The correspondence is theoretically productive in both directions. For Buddhist philosophy, it offers a mechanistic vocabulary that decosmologizes the nidāna chain, grounds a preference for the processual interpretation over the three-lifetime reading within the domain of cognitive mechanism, and establishes theoretically tractable connections to the cognitive correlates of contemplative practice that are consistent with existing empirical findings. For predictive processing, the nidāna chain supplies what existing diachronic extensions of the framework do not: a principled account of why any cognitive system operating under structural misrecognition of its priors necessarily develops toward suffering rather than self-correcting, and therefore what liberation requires — not a return to the openness of not-knowing, but the achievement of the understanding (paññā) that sees through the constructedness of all priors.
The key insight — that the pivot of the entire causal architecture is the identity of vedanā with valenced prediction error — illuminates why the Buddha identified the cessation of feeling-tone’s grip on the cognitive system as the most direct path to liberation. Liberation is not the elimination of the generative model, nor a piecemeal modification of the later links, but the restoration of the model’s capacity to receive prediction error as evidence for revision: the achievement of an understanding (paññā) that sees through the constructed character of all prediction structures, so that the precision attaching to priors is no longer inflated by misrecognition, and the system can hold its priors lightly — not because it does not know, but because it fully understands how knowing itself works.

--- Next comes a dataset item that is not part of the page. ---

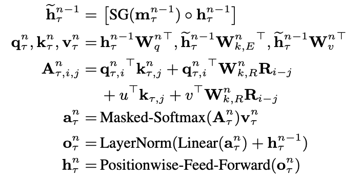 * 이 때 segment $s_{\tau + 1}$의 n번째 layer의 hidden state는 아래와 같이 생성된다.

The limits of the analogy are equally important to the argument. The correspondence operates at the level of functional mechanism, not at the level of cosmological claim or phenomenal reality. The rebirth doctrine, the normative force of nibbāna, and the first-person phenomenal character of vedanā all exceed what the predictive processing framework can supply. These are not defects in the comparison but markers of the genuinely different levels of analysis at which Buddhist philosophy and cognitive science operate — and of the philosophical work that remains to be done in relating them.
The structural convergence traced here suggests that both traditions arrived, by independent routes, at the same deep insight: suffering is not an accident of circumstance but a structural consequence of how any system that misrecognizes its constructed priors as mind-independent reality necessarily perpetuates and deepens that misrecognition, absent specific corrective practice. The canonical account of paṭicca-samuppāda and the predictive processing framework each supply what the other lacks: the Buddhist analysis provides the developmental arc and the normative orientation toward liberation; the cognitive framework provides the mechanistic vocabulary and empirical traction.